## SOURCE DATA
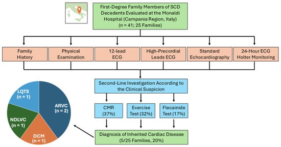 Previous studies have investigated various diagnostic approaches for family members of SCD decedents. All study protocols included a similar initial diagnostic work-up, which involved gathering information on the circumstances of death, family and medical history, physical examination, ECG, echocardiography, and exercise testing [11,12,13,14,15]. For instance, Van der Werf et al. investigated 140 families with sudden unexplained death, diagnosing 33% of cases [11]; in that study, long QT syndrome was the most prevalent diagnosis. Similarly, Behr et al. investigated 109 first-degree family members of 32 people who died of sudden arrhythmic death syndrome (SADS), defined as decedents with normal cardiac pathological findings and negative toxicological tests [12]; the cardiological work-up included physical examination, ECG, echocardiography, and Holter monitoring, and 7 (22%) of the 32 families were found to have an inherited cardiac condition, with long QT syndrome being the most common, identified in four cases. Other diagnoses included non-structural cardiac electrophysiological disease, myotonic dystrophy, and hypertrophic cardiomyopathy [12]. Additionally, Tan et al. investigated 43 consecutive families with one or more sudden unexplained death victims who died before 40 years of age [13], and inherited cardiac disease was detected in 40% of cases (17/43 families); in this study, catecholaminergic polymorphic ventricular tachycardia and long QT syndrome were the most common diagnoses, and the likelihood of diagnosis increased when more family members were examined and when more than one sudden unexplained death occurred in the family.
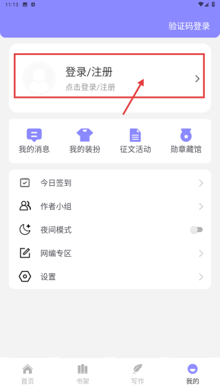 2、在個(gè)人中心頁面,點(diǎn)擊登錄/注冊(cè)選項(xiàng),進(jìn)入登錄界面。
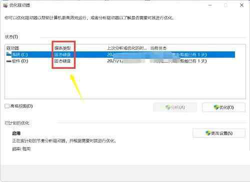 4、进入优化界面,在媒体类型中就可以看到你的硬盘类型了,小编电脑硬盘显示为固态硬盘,如下图所示
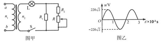 5.图甲中的理想变压器原、副线圈匝数比n1:n2=22:3,输入端a、b所接电压u随时间t的变化关系如图乙所示。灯泡L的电阻恒为15 Ω,额定电压为24 V。定值电阻R1=10 Ω、R2=5 Ω, 滑动变阻器R的最大阻值为10 Ω。为使灯泡正常工作,滑动变阻器接入电路的电阻应调节为

## HOW TO COMPLETE THIS TASK
All that is needed is an exact copy of the lines from the line with "4、进入优化界面,在媒体类型" through the end of the listing, both ends included, with no pictures.

## COMPLETED TASK
 4、进入优化界面,在媒体类型中就可以看到你的硬盘类型了,小编电脑硬盘显示为固态硬盘,如下图所示
 5.图甲中的理想变压器原、副线圈匝数比n1:n2=22:3,输入端a、b所接电压u随时间t的变化关系如图乙所示。灯泡L的电阻恒为15 Ω,额定电压为24 V。定值电阻R1=10 Ω、R2=5 Ω, 滑动变阻器R的最大阻值为10 Ω。为使灯泡正常工作,滑动变阻器接入电路的电阻应调节为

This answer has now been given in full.